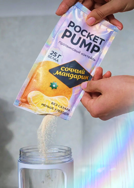 POCKET PUMP — это набор порционных протеиновых саше в компактной коробке, созданный для активного ритма жизни.
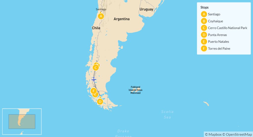 Map of Ultimate Trekking Adventure in Chilean Patagonia – 15 Days
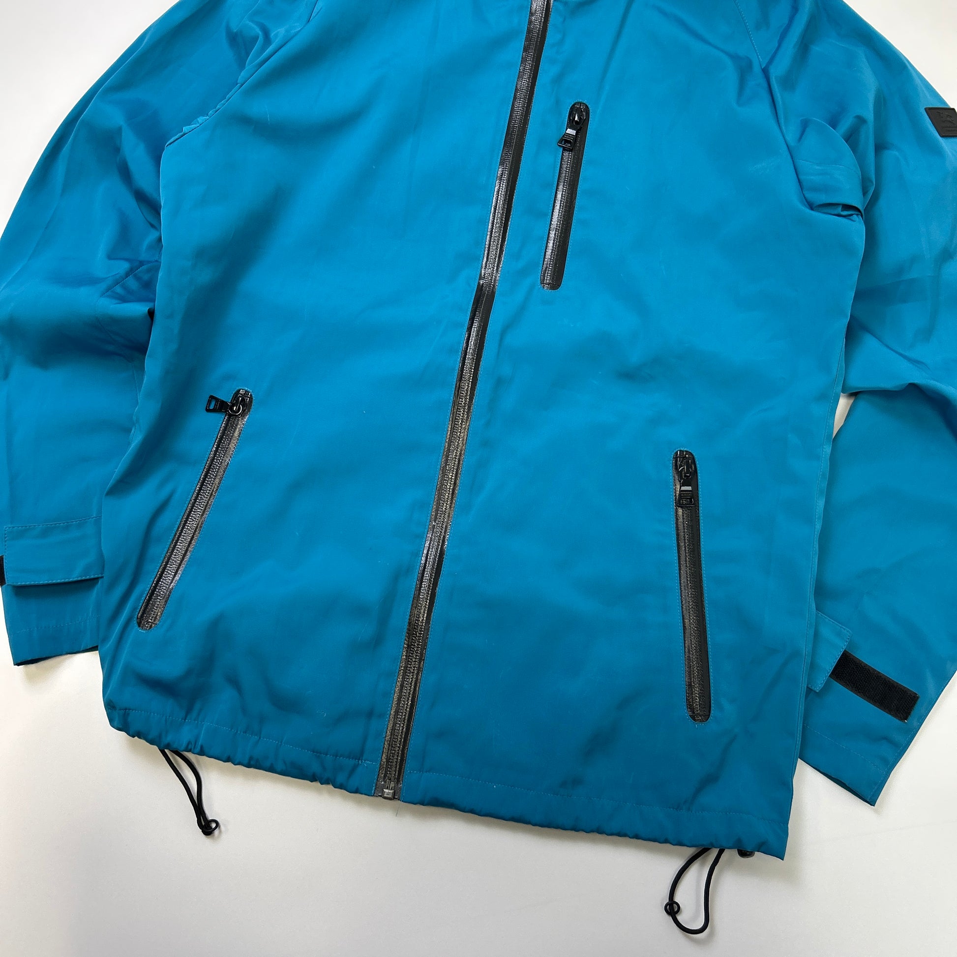 Black label technical jacket, rubber label patch, packable hood
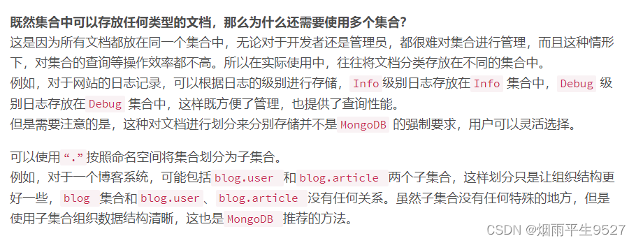 既然集合中可以存放任何类型的文档,那么为什么还需要使用多个集合?

◆ **Problem description**:
Would it be possible to copy the material exactly, excluding the images?

◆ **Solution to the problem**:
 POCKET PUMP — это набор порционных протеиновых саше в компактной коробке, созданный для активного ритма жизни.
 Map of Ultimate Trekking Adventure in Chilean Patagonia – 15 Days
 Black label technical jacket, rubber label patch, packable hood
 既然集合中可以存放任何类型的文档,那么为什么还需要使用多个集合?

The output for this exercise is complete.